Oil prices were up slightly on Thursday, shrugging off a smaller-than-expected decline in U.S. stockpiles, as the market nervously awaited the result of Britain’s “Brexit” vote.
Trading has been choppy in the run up to Thursday’s vote on whether Britain leaves or stays in the European Union (EU), although markets appear to have largely priced in a “Remain” vote.
Brent’s front-month August contract LCOc1 was up 5 cents at $49.93 a barrel at 0654 GMT. It closed down 74 cents, or 1.5 percent, at $49.88 a barrel on Wednesday.
U.S. oil CLc1 was up 1 cent to $49.14 a barrel, after slipping lower earlier.
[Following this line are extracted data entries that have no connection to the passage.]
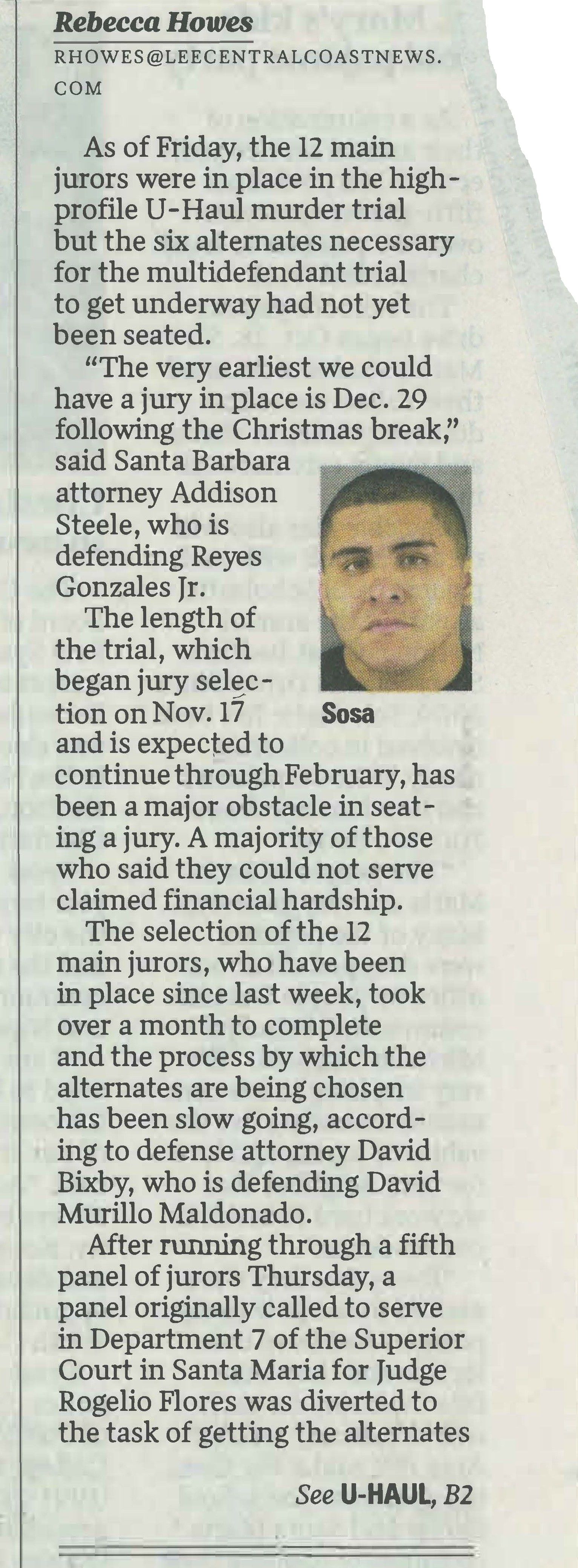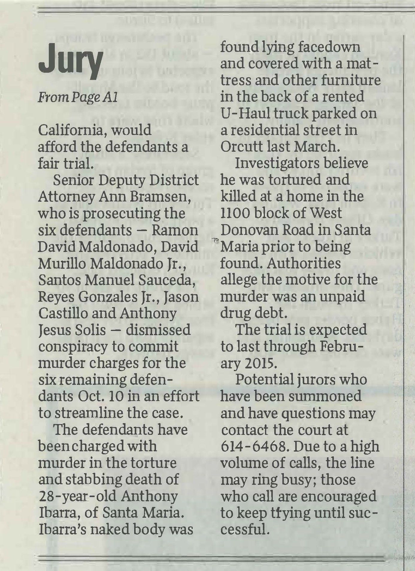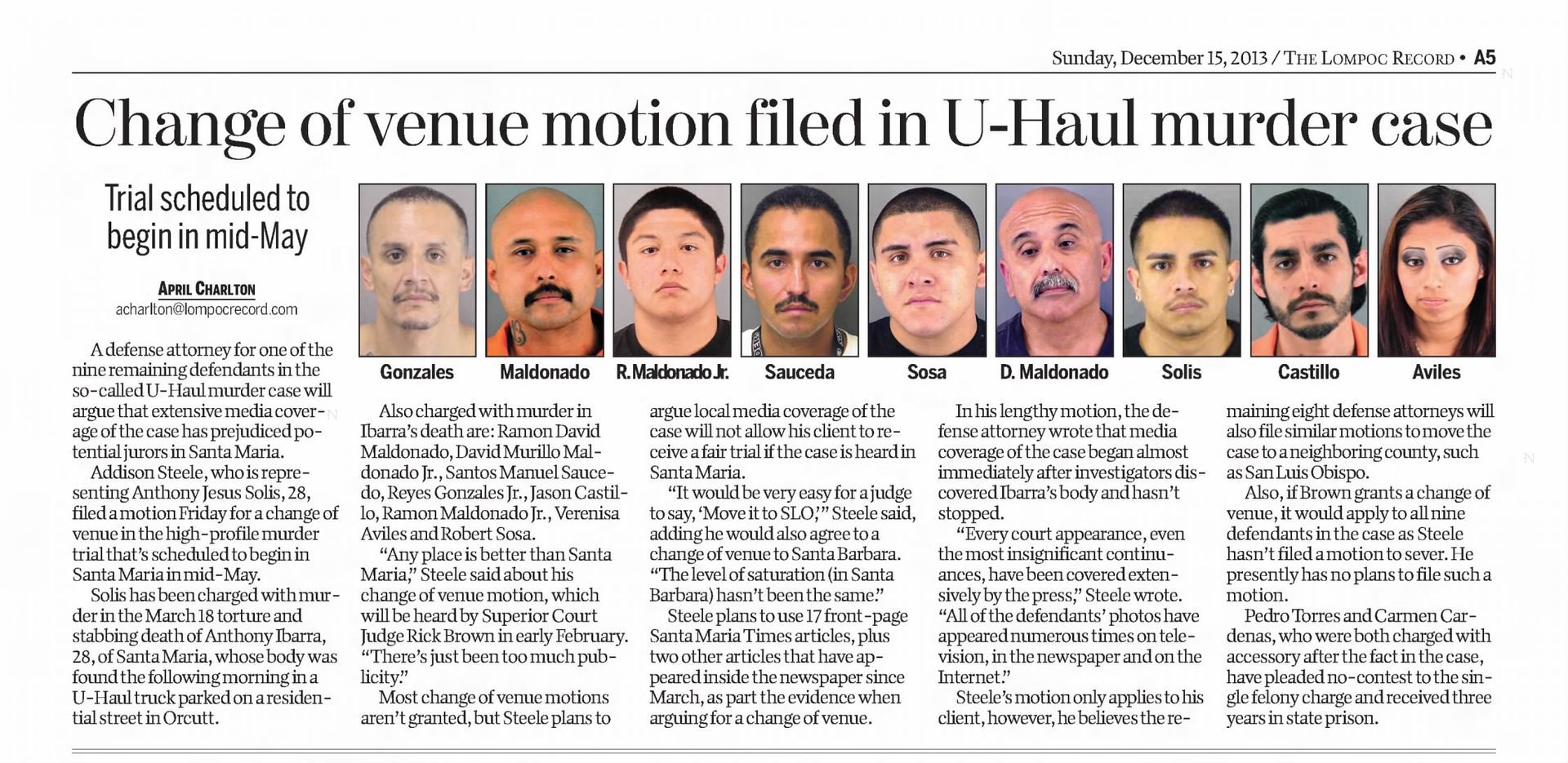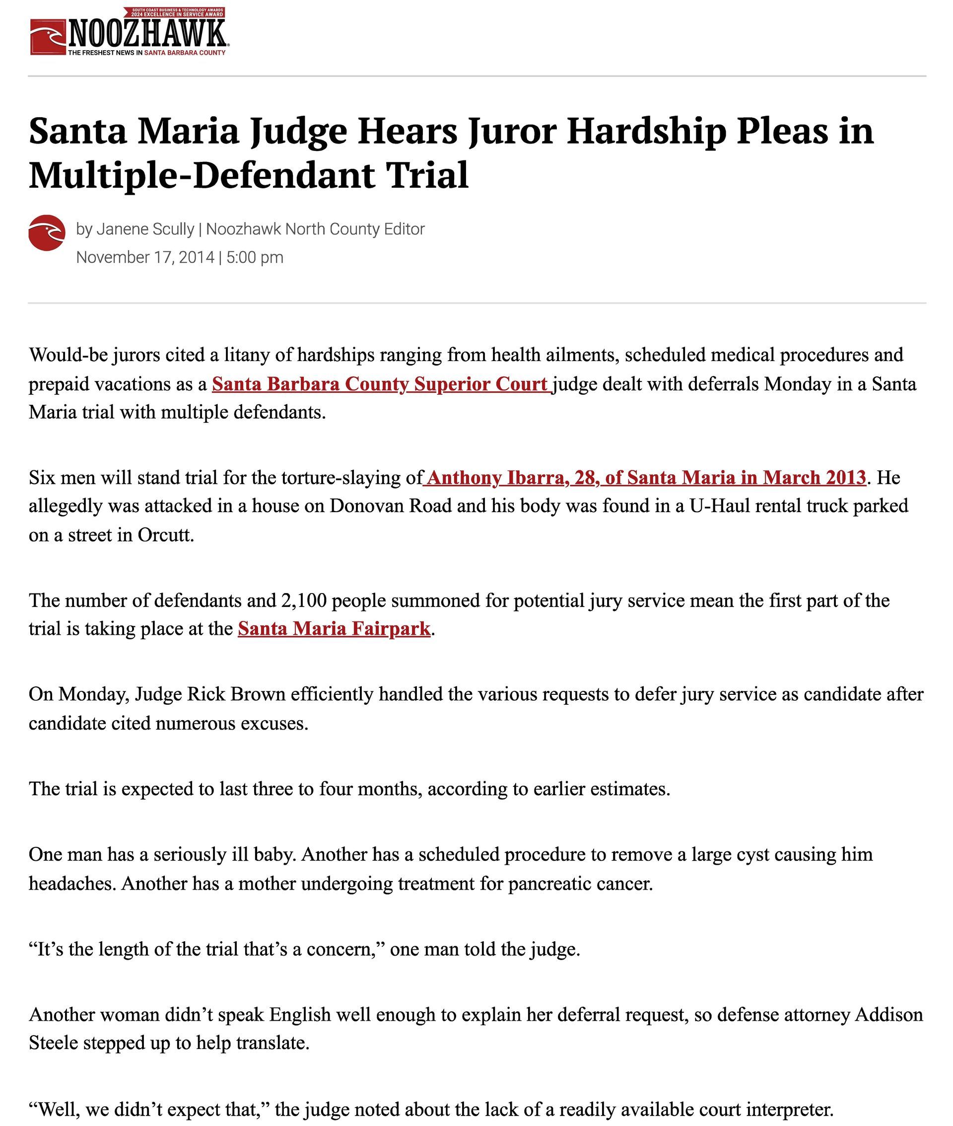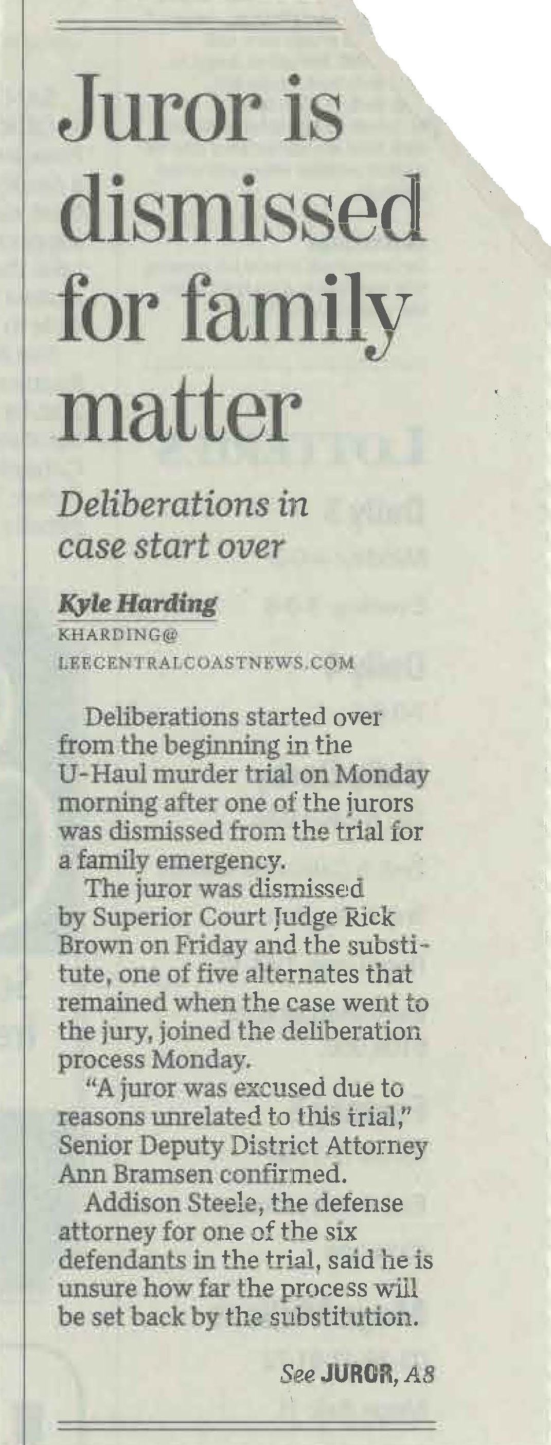 This was a particularly long and grueling murder trial. The press dubbed the case "The U-Haul Murder Trial" because the decedent's body was discovered in an abandoned U-Haul truck with his blood dripping out of the back of the truck. There were originally 13 co-defendants, not all of which were charged with murder. The plea negotiations parred it down to six co-defendants, all charged with murder, all with special circumstances that included torture and gang murder. All six defendants were facing LWOPP sentences. It was largest number of co-defendants in a murder trial ever in Santa Barbara County, and probably the state. There wasn't a courtroom in the county large enough for the trial. The largest courtroom in the county is at the Juvenile Court in Santa Maria, however it didn't have a jury box because juveniles do not have a right to a jury trial. The courtroom was modified by having a jury box built in it. However, even that was far too small for jury selection because of the several hundreds of prospective jurors would need to be called.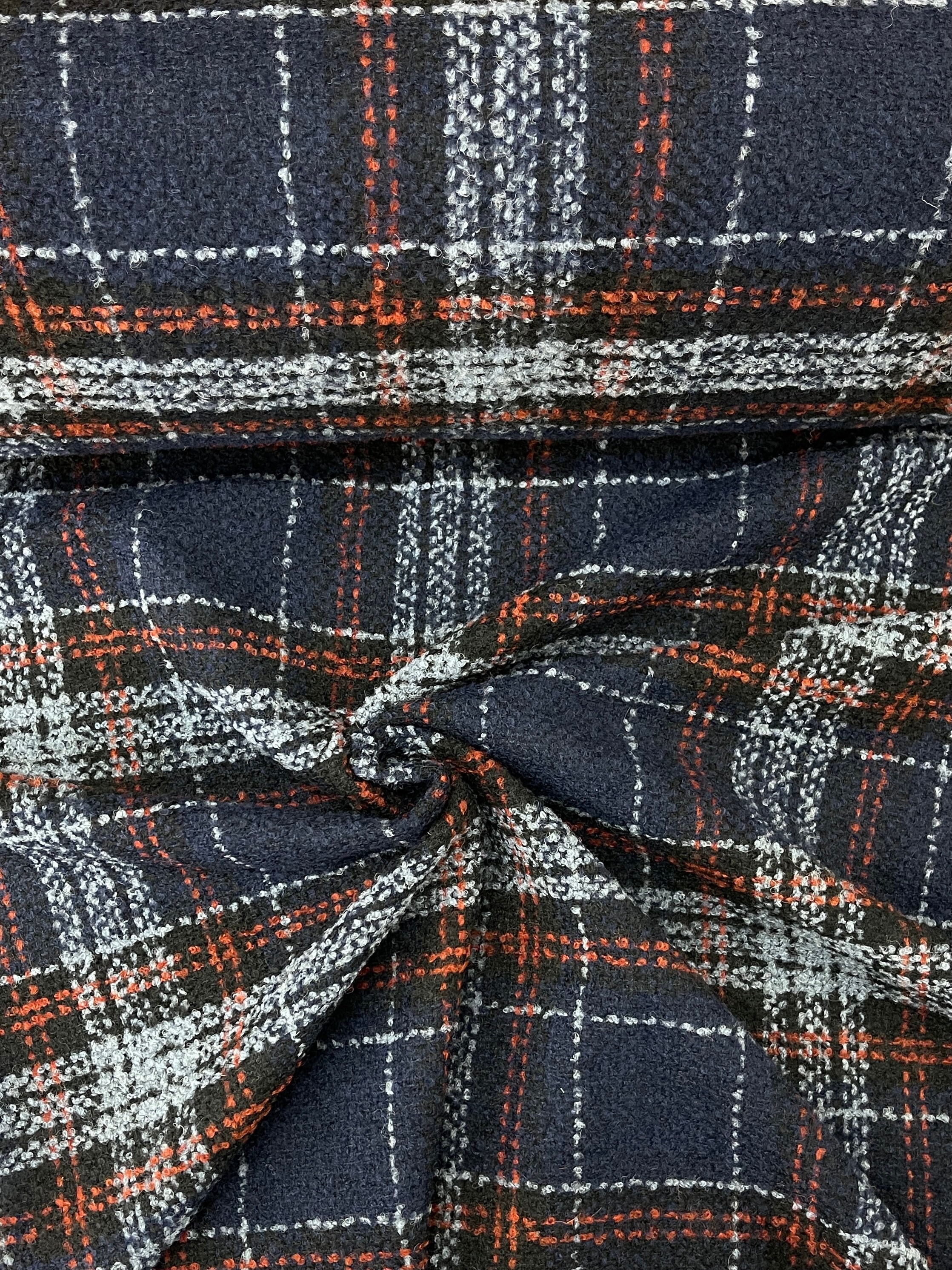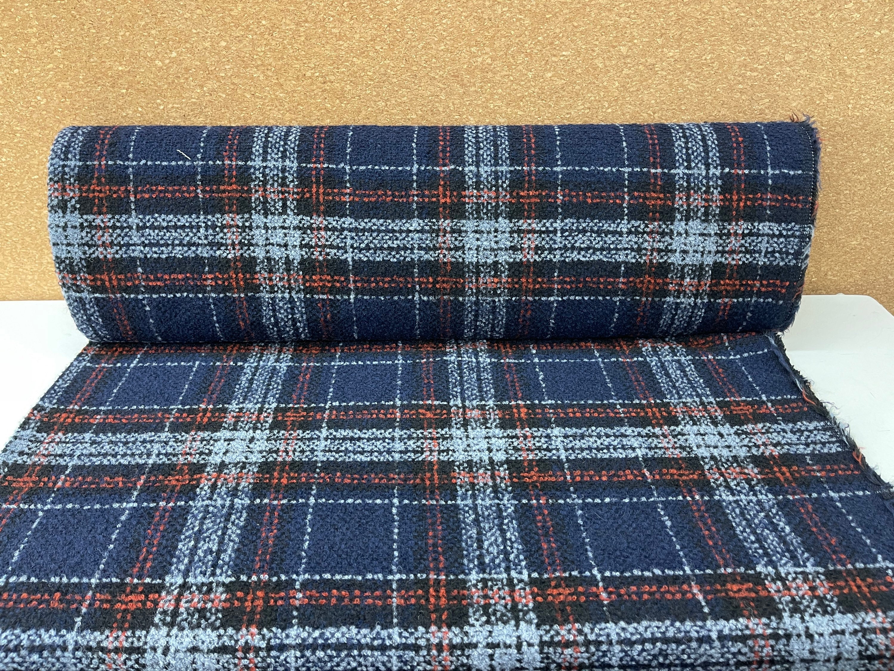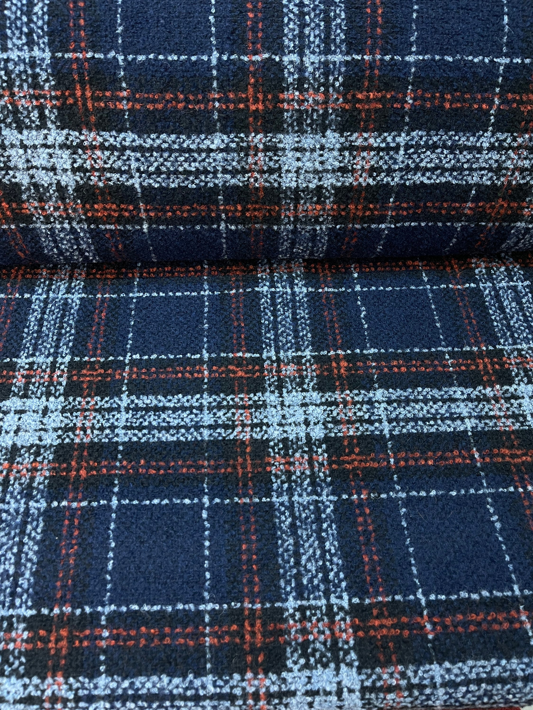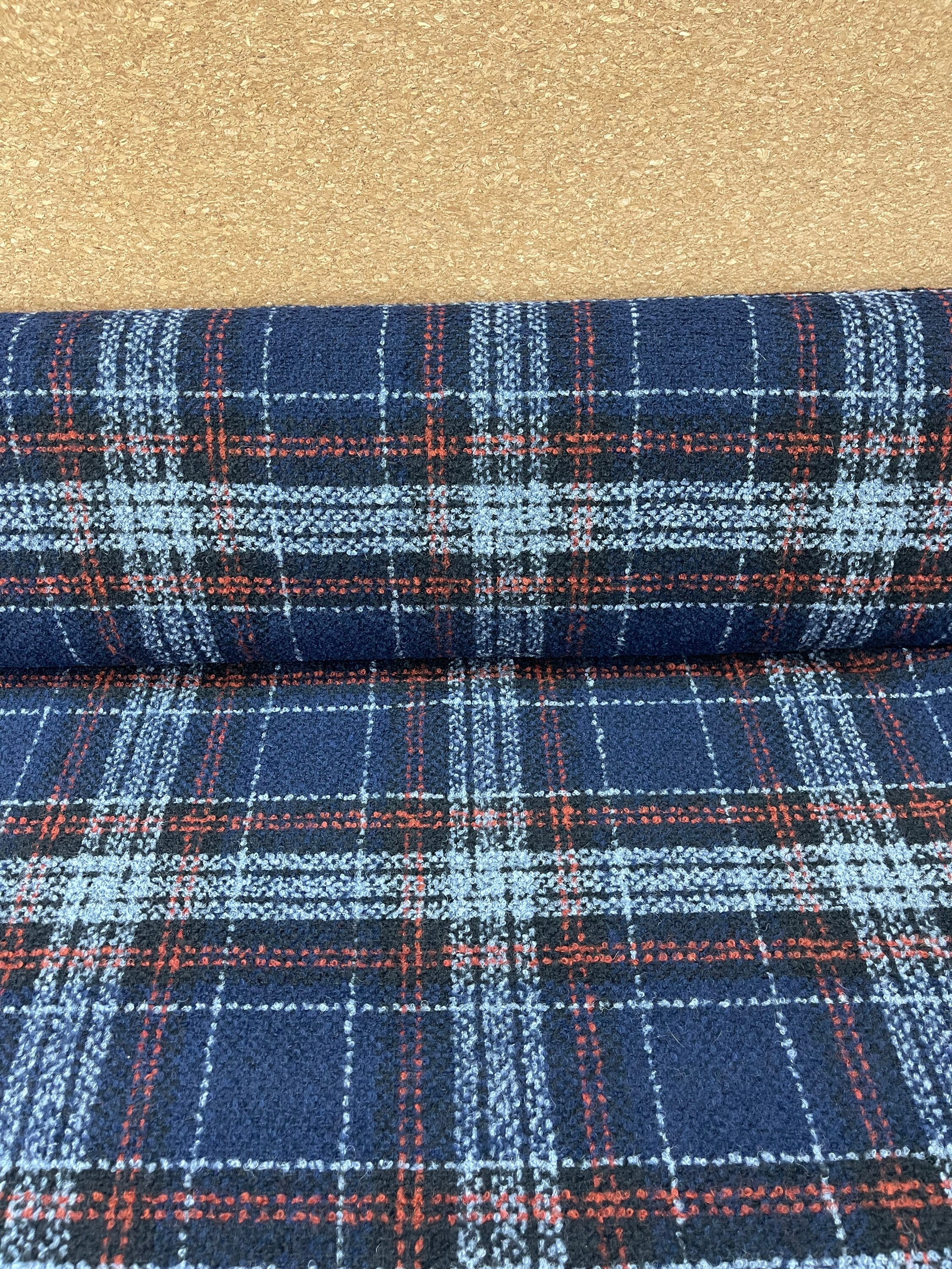 Toller karierter Mantelstoff in blau. Der Grund des Stoffes ist dunkel blau.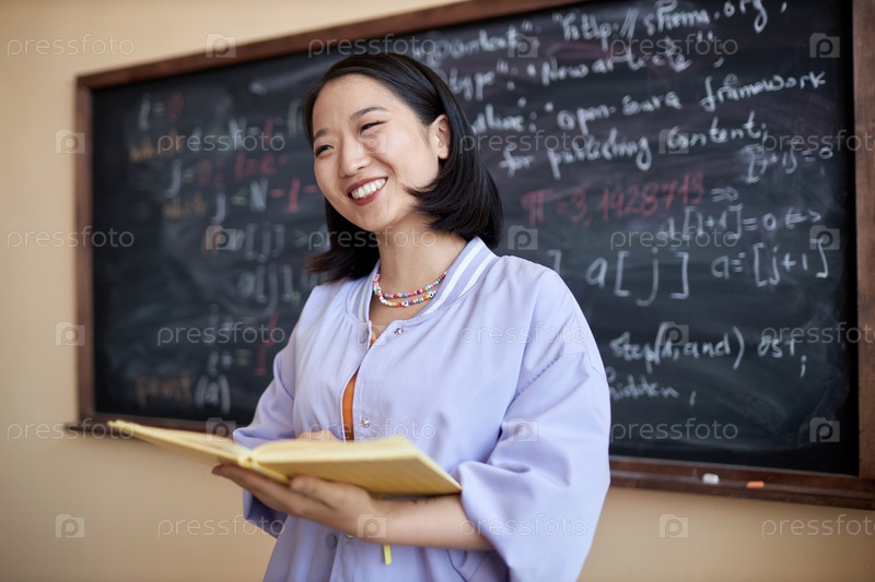 Счастливая молодая азиатская учительница с открытой книгой, смотрящая на учеников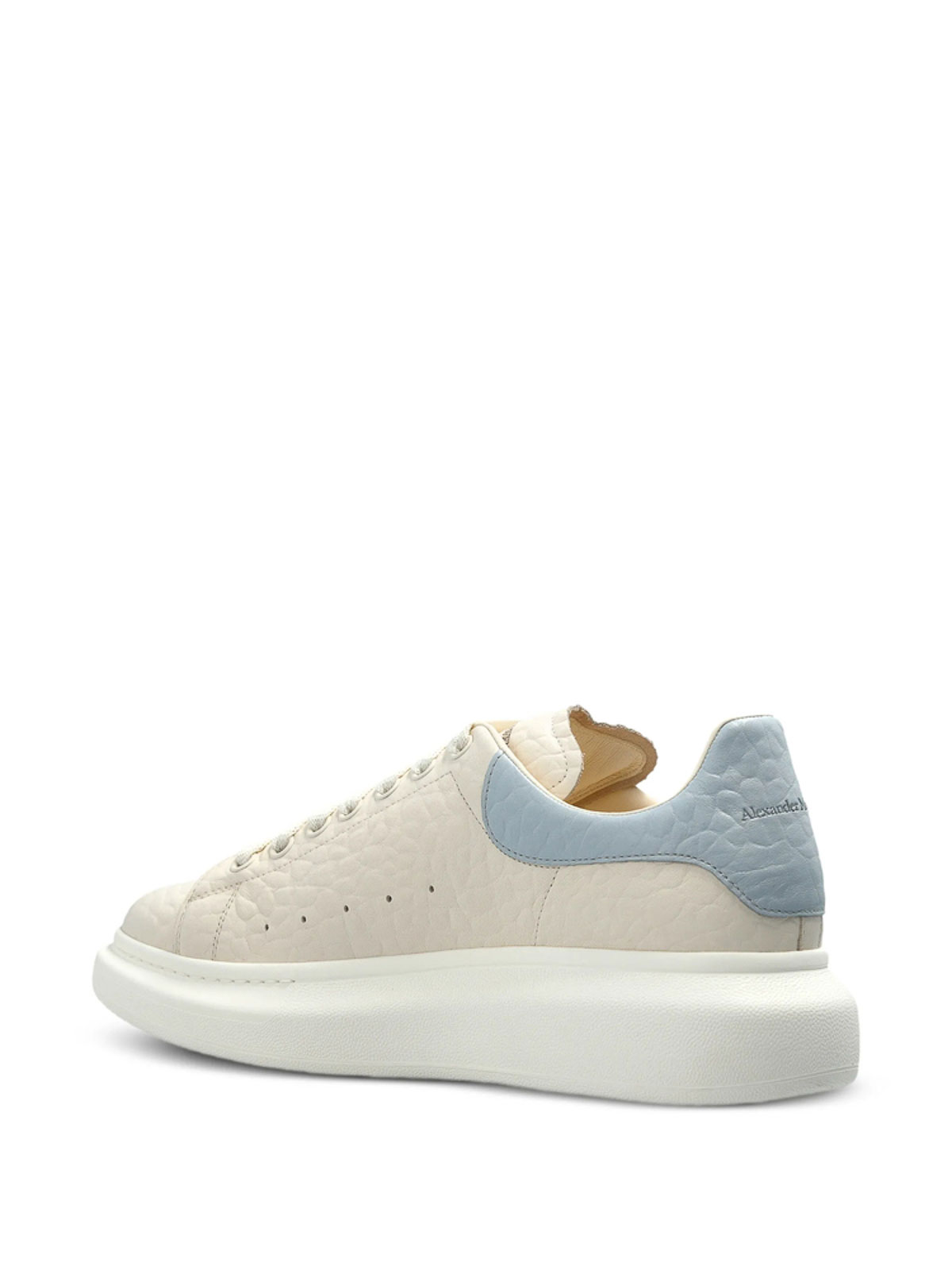 Bone white textured finish heel tab lace-up fastening round toe platform sole to lessen the environmental impact and to reduce cotton consumption, alexander mcqueen will no longer be providing a dust bag with its sneakers.

Both contracts were up for most of the day in Asian trading.
Once the Brexit vote is out of the way the oil market is likely to switch its focus to fundamentals, turning its attention to more potential supply disruptions that have sent prices higher this year.
The worsening crisis in Venezuela, the country with the highest oil reserves, may be the next source of supply concern, said Tony Nunan, oil risk manager at Mitsubishi Corp in Tokyo.
“There is a cloud hanging over the market from the Brexit vote, which is keeping prices down a bit,” he said. “If the vote comes off, we could go up,” Nunan said, referring to a vote to remain in the EU.
U.S. crude inventories fell less than expected last week, while product inventories were up slightly, the U.S. Energy Information Administration said on Wednesday.
Crude inventories USOILC=ECI dropped 917,000 barrels in the week ended June 17, compared with expectations for a decrease of 1.7 million barrels. It was the fifth consecutive week of drawdowns for crude inventories.
The pound rose to a six-month high against the dollar on Thursday.
The yen JPY=, often a safe-haven currency for risk averse investors, was up slightly after falling earlier, while the Nikkei .N225 closed 1 percent higher.